Что касается подражания, то ведь поэзия является вообще искусством подражательным. Она творит, но творит посредством сочетания и воспроизведения. Поэтические абстракции представляются прекрасными и новыми вовсе не потому, что составляющие их элементы никогда прежде не существовали ни в сознании человека, ни в природе; но потому, что образуемое ими целое имеет некую очевидную и прекрасную аналогию с этими источниками наших чувств и мыслей и с их нынешним состоянием; великий поэт – это прекрасное создание природы, которое другой поэт непременно обязан изучать. Отказаться созерцать красоту, заключенную в творениях великого современника, было бы не более разумно и не более легко, чем отказаться отражать в нашем сознании все прекрасное, что есть в окружающем нас мире. Такой отказ был бы самонадеянностью со стороны каждого, исключая величайших гениев; а следствием отказа, даже и для них, была бы вымученность и неестественность. Поэта создает совокупность тех внутренних сил, какие влияют и на природу других людей и тех внешних влияний, которыми эти силы порождаются и питаются; он не является чем-то одним из них, но сочетанием первых и вторых. В этом смысле сознание любого человека формируется всеми творениями природы и искусства, каждым словом и мыслью, какие на него воздействуют; это – зеркало, где отражаются все образы и где они сливаются в нечто единое. Поэты, как и философы, художники, скульпторы и музыканты, являются, с одной стороны, творцами, а с другой – творениями своего века. От этой зависимости не свободны и самые великие. Существует сходство между Гомером и Гесиодом9, Эсхилом и Еврипидом, Вергилием и Горацием, Данте и Петраркой10, Шекспиром и Флетчером11, Драйденом12 и Попом13; каждую такую пару объединяет родовая близость, в пределах которой располагаются индивидуальные различия. Если эта схожесть является результатом подражания, то я готов признаться, что подражал.

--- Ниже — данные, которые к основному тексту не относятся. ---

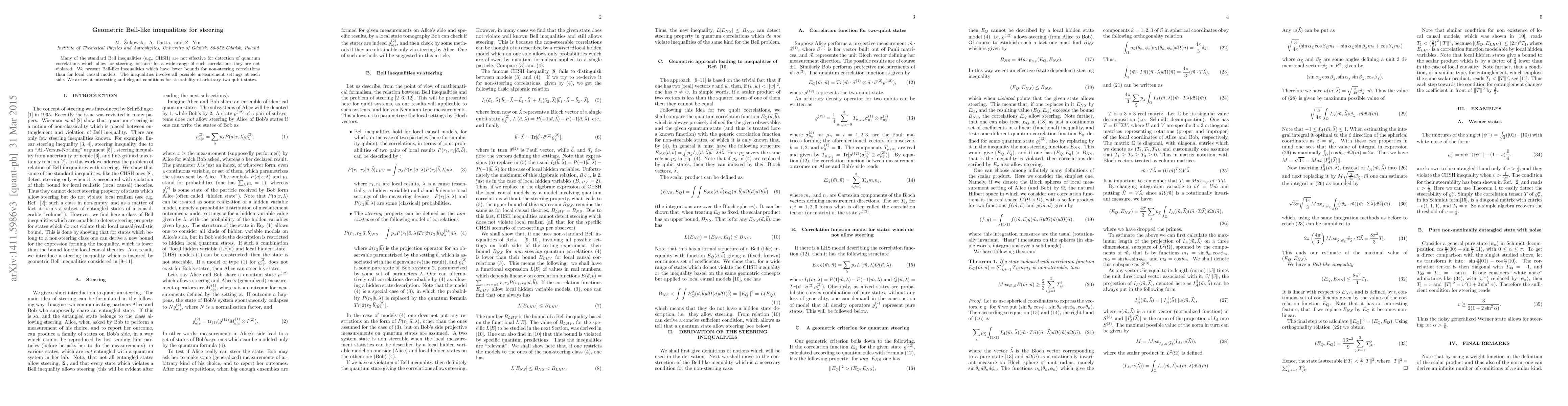 This paper introduces new geometric Bell-like inequalities that are more effective than standard ones for detecting quantum steering, providing tighter bounds for non-steering correlations and offering elegant conditions for determining the steerability of two-qubit states.

Я хочу при этом воспользоваться возможностью заявить, что мне свойственна «страсть к переделке мира»14, как называет это некий шотландский философ; какая именно страсть побудила его написать и опубликовать свою книгу, об этом он умалчивает. Что до меня, то я согласен скорее угодить в ад с Платоном и лордом Бэконом, чем попасть на небо с Пэли и Мальтусом15. Однако было бы ошибкой думать, что мои поэтические произведения целиком посвящены прямой пропаганде реформы или содержат какую-либо рассудочную теорию жизни. Дидактическая поэзия внушает мне отвращение; все, что может быть с тем же успехом выражено в прозе, в поэзии скучно и излишне. Моей же целью до сих пор было простое ознакомление избранных и одаренных живым воображением читателей поэзии с прекрасными образцами нравственного совершенства; ибо я убежден, что покуда душа не научилась любви, восхищению, вере, надежде и стойкости, рассудочные моральные наставления будут семенами, брошенными в дорожную пыль, которые путник беззаботно топчет, хотя они принесли бы ему жатву счастья. Если мне суждено осуществить мой замысел, а именно – написать историю того, что мне представляется важнейшими элементами, составившими человеческое общество, пусть приверженцы несправедливости и предрассудков не надеются, что я возьму за образец Эсхила, а не Платона.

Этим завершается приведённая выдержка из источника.